Problem: Once the pictures are set aside, transcribe the remaining data exactly.

Supplied information:
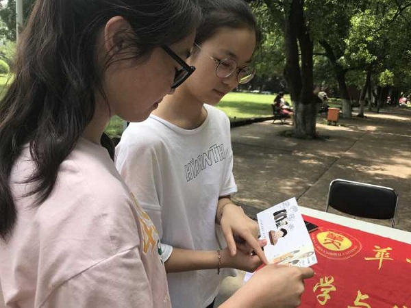 左欣:阿姨,我们是华师数统青年志愿者协会的,这是我们“漫说心语——反校园暴力”的志愿服务项目。主要是通过漫画的形式来向中小学生普及反暴力知识。漫说心语第一期以武汉市春苗学校为服务基点而实施。前期,我们针对教师、家长、学生三个群体准备了调查问卷,进行调查分析。整合结果后根据实际情况构思了第一本漫画册并邀请我校美术学院专业同学画出漫画。
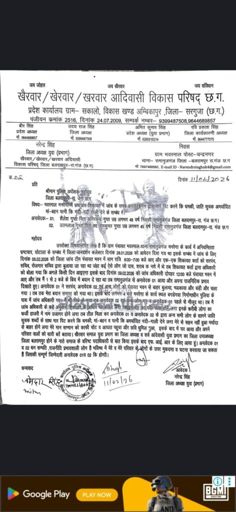 बलरामपुर (रामानुजगंज) ग्राम पंचायत भवरमाल, में मनरेगा कार्यों में कथित भ्रष्टाचार की शिकायत के बाद जांच के दौरान मारपीट, गाली-गलौज और जान से मारने की धमकी दिए जाने का मामला सामने आया है। खेरवार आदिवासी विकास परिषद, जिला बलरामपुर-(रामानुजगंज )की ओर से इस संबंध में पुलिस अधीक्षक बलरामपुर को लिखित शिकायत करते हुए आरोपियों के खिलाफ एफआईआर दर्ज करने की मांग की गई है.
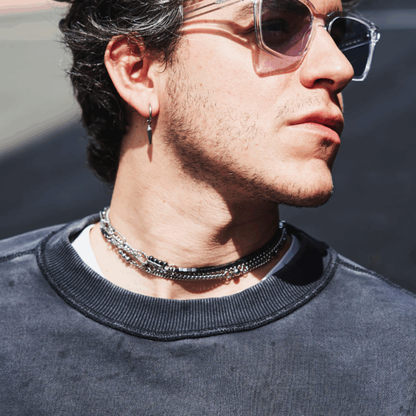 Set of three steel chains with sleek metal details — perfect for those who appreciate minimalist style with a bold edge.

Problem solution:
 左欣:阿姨,我们是华师数统青年志愿者协会的,这是我们“漫说心语——反校园暴力”的志愿服务项目。主要是通过漫画的形式来向中小学生普及反暴力知识。漫说心语第一期以武汉市春苗学校为服务基点而实施。前期,我们针对教师、家长、学生三个群体准备了调查问卷,进行调查分析。整合结果后根据实际情况构思了第一本漫画册并邀请我校美术学院专业同学画出漫画。
 बलरामपुर (रामानुजगंज) ग्राम पंचायत भवरमाल, में मनरेगा कार्यों में कथित भ्रष्टाचार की शिकायत के बाद जांच के दौरान मारपीट, गाली-गलौज और जान से मारने की धमकी दिए जाने का मामला सामने आया है। खेरवार आदिवासी विकास परिषद, जिला बलरामपुर-(रामानुजगंज )की ओर से इस संबंध में पुलिस अधीक्षक बलरामपुर को लिखित शिकायत करते हुए आरोपियों के खिलाफ एफआईआर दर्ज करने की मांग की गई है.
 Set of three steel chains with sleek metal details — perfect for those who appreciate minimalist style with a bold edge.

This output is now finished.